Beyond information, the digital space of course serves as a source of enjoyment, and youth look to online videos, gaming, researching interests and social networking sites for entertainment. These and other online experience provide short-term diversions, and thus the digital world provides ample opportunity for youth to distract themselves from their stressors, In fact, such short-term diversion may allow youth to recoup from stress, and in turn, help them manage it more effectively. For example, a commonly scrutinized online activity is online gaming, yet research has found that gaming may be used to manage stressors. Specifically, one of the research found that at least in adults, video and computer games are systematically accessed after exposure to daily stressors, particularly for participants who reported low levels of social support. Thus, online experiences including gaming may play a compensatory role as a coping strategy for youth.

Likewise, social media use, specifically Facebook, has actually been found to be protective against the experience of stress. Specifically, in a laboratory study, researchers found that the use of Facebook before the experience of an acute social stressor buffered participants’ psychosocial experience of stress, as well as their physiological reactions to stress. Importantly, these results were based on passive Facebook use, which entails consuming social media content, as opposed to actively messaging and posting online. Thus, this study is among the first to provide evidence that social media use may be used as a buffer against stressors when used as a form of distraction.

That said, when it comes to adolescents, research investigating the potential palliative effects of online self-distraction strategies is lacking. Instead, the field is dominated by studies investigating the potential dangers of using the digital space as a means of escape. However, the distinction between escape and self-distraction is an important one in the coping literature, as self-distraction can be considered adaptive when engaged in moderately. In contrast, escapism, especially in relation to the online context, has been consistently related to high levels of psychopathology and problematic levels of internet use. Thus, online self- distraction, (as opposed to escapism) and when engaged with at appropriate levels, should not necessarily equate to poor well-being outcomes, and may serve as an adaptive function.

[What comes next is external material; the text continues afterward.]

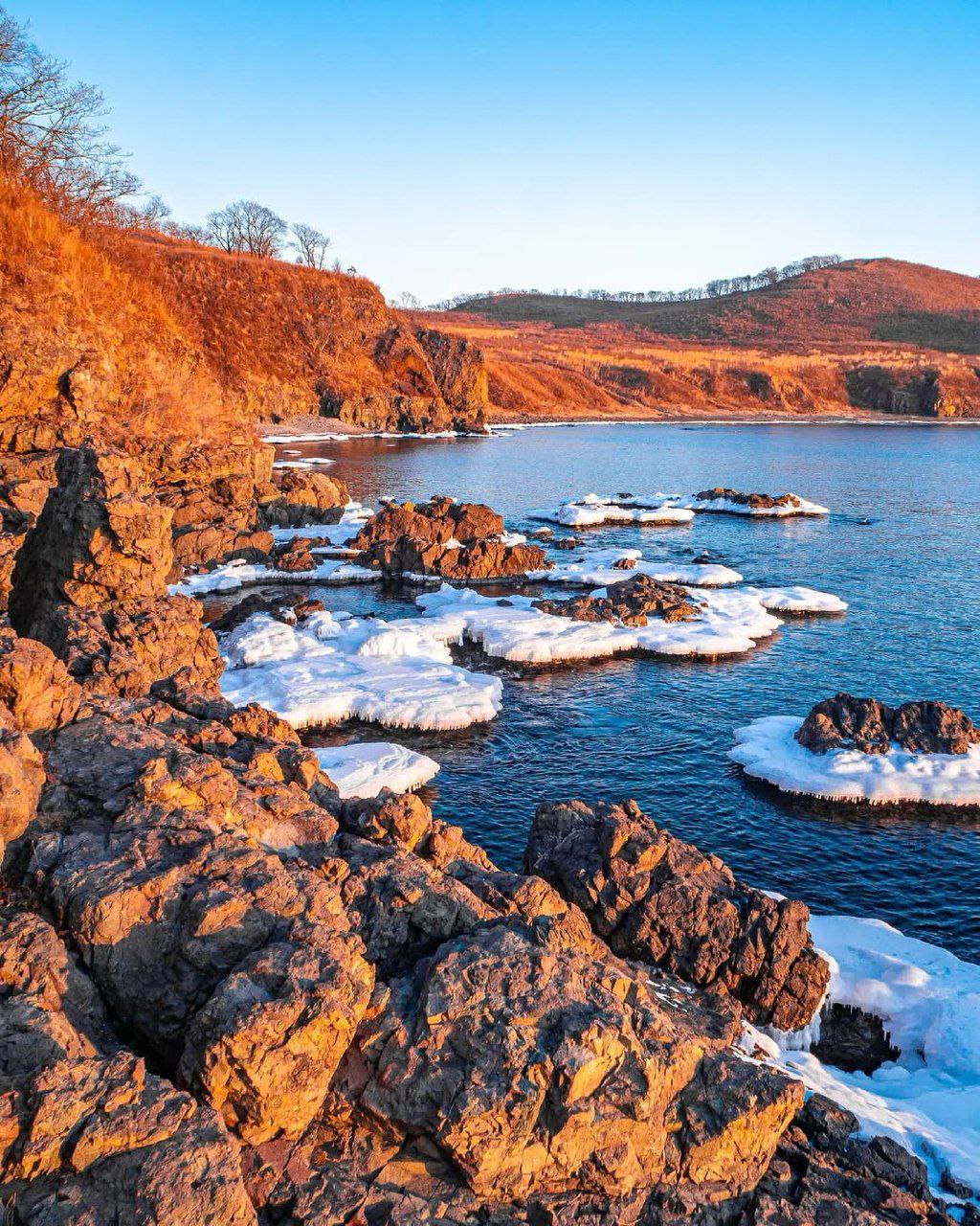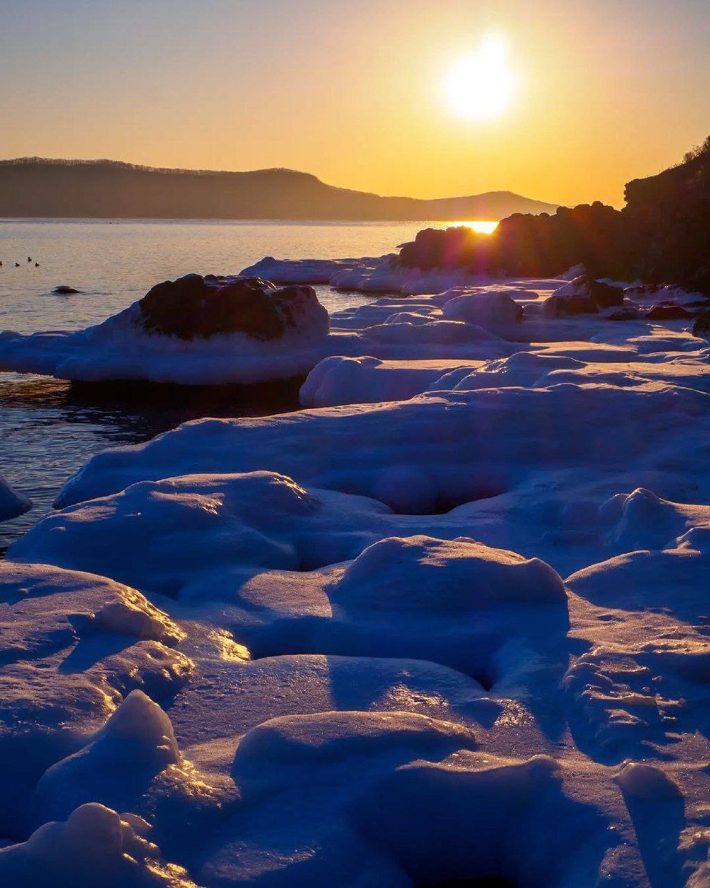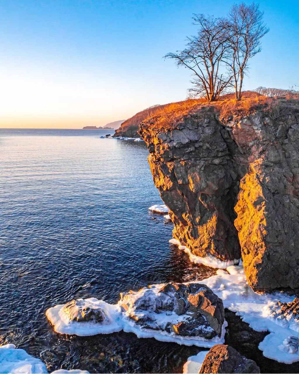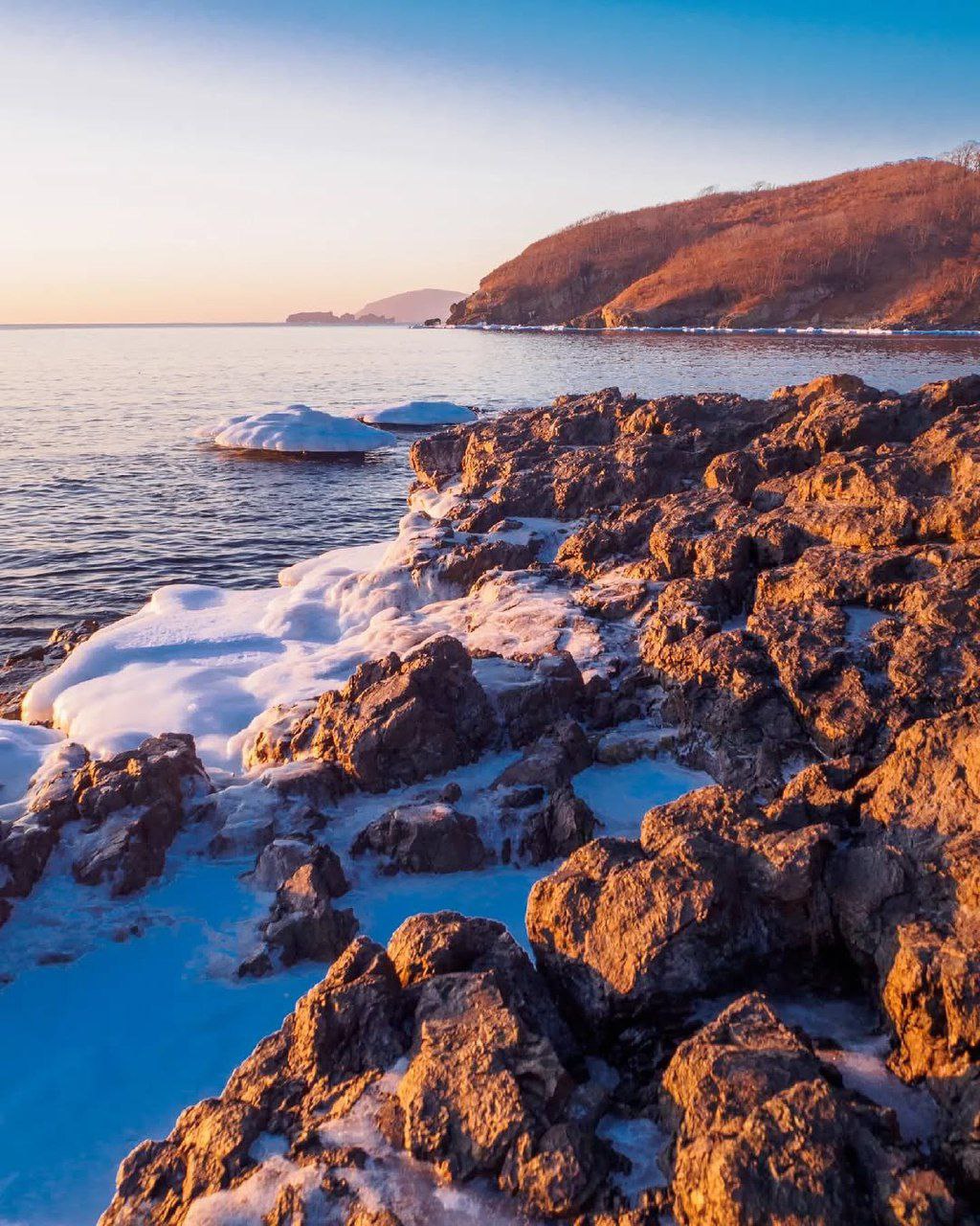 Красочный январский рассвет на мысе Гинтера в Приморье

Lastly, beyond information seeking and distraction online, adolescent peer relationships are often built and/or sustained online. During adolescence, youth increasingly discuss personal problems with each other, and the digital space provides an important area to communicate with and support each other in the face of daily stress. Indeed, adolescents report that they use the Internet predominantly for interpersonal communication. This body of research is a welcome change of pace for the field more generally, as it attests to the potential benefits of near-constant access to social supports via the internet. As one example, Instant Messaging services may play a pivotal role for youth, as they enable private, synchronous ways of communication, and have been found to provide emotional relief for youth in particular, when turned to in distress.

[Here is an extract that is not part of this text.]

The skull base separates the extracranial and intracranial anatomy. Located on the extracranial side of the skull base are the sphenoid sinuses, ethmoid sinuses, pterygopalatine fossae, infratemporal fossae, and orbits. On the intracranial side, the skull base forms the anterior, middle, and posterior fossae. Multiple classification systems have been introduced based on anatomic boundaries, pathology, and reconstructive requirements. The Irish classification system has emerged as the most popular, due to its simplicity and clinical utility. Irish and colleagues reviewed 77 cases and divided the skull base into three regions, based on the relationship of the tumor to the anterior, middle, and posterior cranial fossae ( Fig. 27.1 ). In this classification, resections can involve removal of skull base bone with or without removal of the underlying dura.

In fact, studies have pointed to the potential compensatory benefits online emotional support may serve, especially among vulnerable youth. For example, researchers tested longitudinal associations between mental health symptoms and time spent communicating on the internet (versus non-communication purposes). Results showed that, for youth with low levels of offline social support, use of the online space for communication purposes predicted fewer depressive symptoms. Thus, the online space may serve as a supportive respite for youth with fewer offline resources. Similarly, reserchers found that youth high in social anxiety reported using the internet more often than their less anxious counterparts for the purpose of alleviating feelings of loneliness. Again, it may be that the online world can be especially helpful when offline worlds present as particularly difficult or challenging. However, although these studies point to the online space as a source of connection for youth, none to date have explored the effectiveness of online emotional support seeking as a coping strategy in the face of daily stressors.